Nebadonia: You know, my son, that we are taking you into a realm of service ministry that is beyond words.

Student: I see that and can feel that more and more each day each time I feel judgmental and react from that place. I notice when I react from that place, they (whoever I’m speaking to) react from that place. That goes nowhere.

Nebadonia: When you see the behavior that you find distasteful, do not speak, do not suggest. Simply allow your Father and me to guide your hands into that place where that person is in pain and to fill it with love and comfort and healing. You will practice this many, many, many, many, many times over until it becomes instinctive and habitual. You are ready now for this tool to be more fully functioning in your mind. It will aid you tremendously in the future work you do with anyone with whom you come into contact. To practice it in the intimacy of close relationships will give you such insight and strength and allow the focus within yourself to become so bonded to Michael and his will for this individual. And I know you are ready for this now. Are you willing now to turn off the voice and tune into the heart more?

Student: I will definitely try.

Nebadonia: You will have much help by your side as you do this. You are moving into another level of self-control. Where you have control is in allowing yourself led with your heart, the heart of love, that comes from aligning your will with the Father’s will. The human mind does maintain a degree of self-assertion, as you well know. Because it is difficult to lose control, we are simply asking you to shift the focus of where you are in control from speaking what your mind says to speaking with your heart. In speaking with your heart, you can do this silently, effortlessly, joyfully. And know that the results that you see from this will greatly outpace any adherence to the suggestions that you make, which may only go into the mind at a very superficial level and not take good root and grow. When you speak from your heart without words: the language of love being planted in that individual, that is where the seeds can grow in the healthy soil. I know you well understand this, my son. Now it is time for you to practice this until it becomes the most effortless activity of your day.
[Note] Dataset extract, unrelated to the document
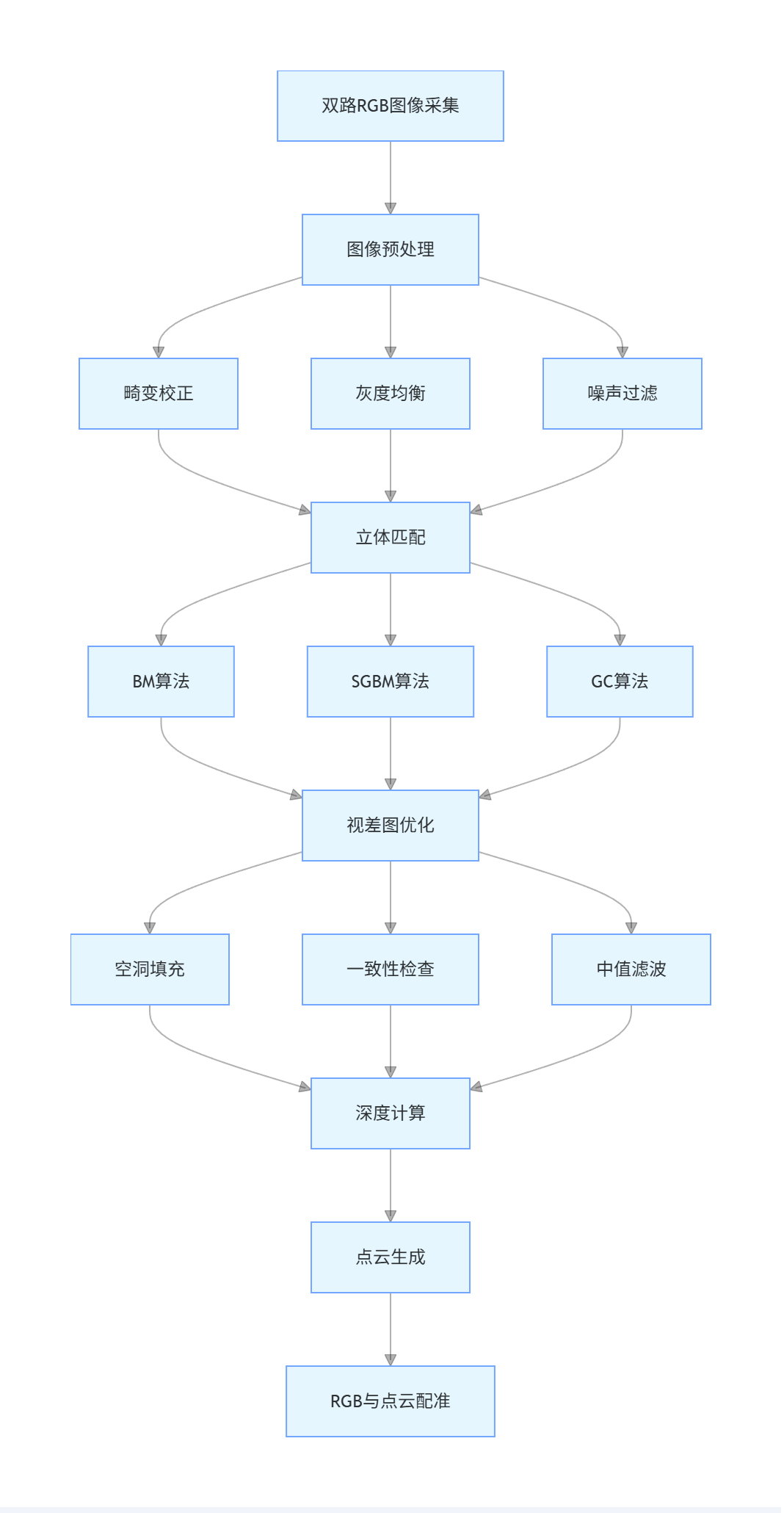 在计算机视觉领域,获取三维空间信息是实现场景理解、目标定位、运动追踪等高级功能的基础。目前主流的三维感知方案主要分为两类:基于视差计算的 RGB 双目摄像头和基于主动光投射的深度摄像头(包括结构光、TOF 等技术)。本文将从技术原理、研制难点、开发工具、产品案例、性能对比、应用场景、知识储备、标定方法等八个维度,通过多个专业表格和技术示意图,系统剖析两种技术的差异与联系,为开发者、工程师、学生提供全面的技术参考。

Student: I remember reading some writing yesterday quoted in the Course of Miracles. It was: "I choose peace, rather than this in every situation I come across." So whenever I feel that pinch of judgmentalness and resistance, I will choose peace, or greater, I will choose love rather than this.

Nebadonia: D, you are being trained now for deeper service and deeper healing ministry. You have asked for this and we are setting the stage. As you find more joy and skill at mastering this technique, as it were, you will find many things will shift, not only in your internal environment, but in those around you. So embrace this opportunity with gusto and know there are many who are beside you to help you achieve great success. Be in my peace, my son.

My children, how it pleases me that you would open yourselves up for these resentment and judgment patterns to be realigned in the ways of love and understanding. You may not yet realize the significance of what it is that you are choosing in participating in these exercises. As I leave you this evening, spend a few moments now in quiet reflection and thankfulness for the opportunities you have been given. Ask for a greater understanding for the significance of these lessons to penetrate into areas of your mind that have still yet to be opened to the truth. Your Father and I will impress more of our ways into you. (Pause)

Closing

I bring his peace upon you. I weave my love within you. Share with one another your experiences of beaming your Father’s love into the hearts of your brothers and sisters as those who are in attendance listen to you and minister to you more of our ways. We hold you in the palm of our hands. You are safe always in us. Good evening.